Депутат Госдумы Г. Старовойтова прислала телеграмму с предложением похоронить его на Васильевском острове, ссылаясь на строки поэта: «Ни страны, ни погоста не хочу выбирать. На Васильевский остров я приду умирать». Но оно было отвергнуто — это означало бы фактически решить за него вопрос его возвращения на родину.
И Мария Соццани принимает решение похоронить поэта в Венеции, на кладбище Сан-Микеле, которому он тоже посвятил стихи:
Хотя бесчувственному телу
равно повсюду истлевать,
лишенное родимой глины, оно в аллювии долины
ломбардской гнить не прочь.
Понеже свой континент и черви те же.
Стравинский спит на Сан-Микеле…
Дальше началась история в духе Гоголя. Бродский не был верующим, вообще не принадлежал ни к какой конфессии. Бродский определял себя как русский поэт и американский эссеист. И все.

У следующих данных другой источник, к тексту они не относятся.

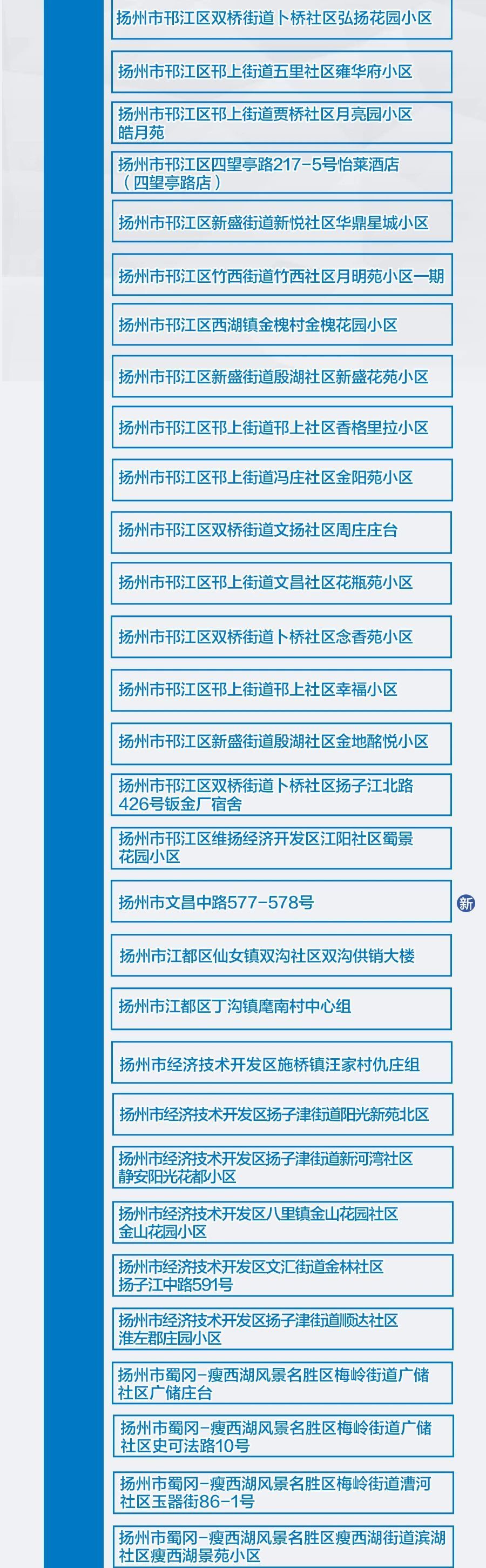 根据国务院联防联控机制《关于调整新冠肺炎疫情分区分级标准实施精准管控措施的通知》(国电发〔2020〕11号)要求,经扬州市新冠肺炎疫情防控工作指挥部研究,自发布之日起,对扬州市部分区域疫情风险等级进行调整:

Мистика началась уже в самолете. Гроб в полете открылся, чего не могло быть в принципе, ибо американские гробы закрываются на шурупы и болты, они не открываются даже от перепадов высоты и давления.
В Венеции стали грузить гроб на катафалк, он переломился пополам. Бродского переложили в другой гроб. Дальше на гондолах его доставили на Остров Мертвых.

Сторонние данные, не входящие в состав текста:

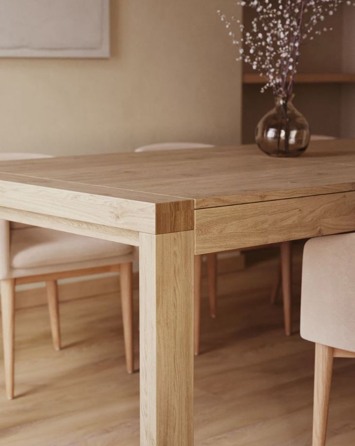 • Plateau en placage de chêne qui rend chaque table unique, avec le grain et les nuances du bois.

Первоначально было решено похоронить его на русской половине кладбища между могилами Стравинского и Дягилева. Оказалось, это невозможно, поскольку необходимо разрешение Русской Православной Церкви в Венеции. Разрешения не дали, потому что Бродский не был православным. Католическая церковь в погребении тоже отказала.
Начались метания, часа два шли переговоры. В результате принимается решение похоронить его на протестантской стороне кладбища. Там нет свободных мест. С большим трудом находят — в ногах у поэта Эзры Паунда. Паунда, как человека и антисемита, Бродский не выносил, но как поэта — ценил.
Начали копать — из земли торчат черепа и кости, хоронить невозможно. В конце концов, бедного Иосифа Александровича в новом гробу отнесли к стене, за которой была сосредоточена всякая кладбищенская техника. Положили ему бутылку его любимого виски и пачку любимых сигарет, захоронили практически на поверхности, едва присыпав землей. В головах поставили крест. И только потом уже был поставлен небольшой скромный памятник.
И еще одно малоизвестное обстоятельство. Президент России Борис Ельцин отправил на похороны Бродского шесть кубометров желтых роз. Михаил Барышников с компанией перенес все эти розы на могилу Эзры Паунда. Получилось так, что ни одного цветка с родины на могиле Бродского не было…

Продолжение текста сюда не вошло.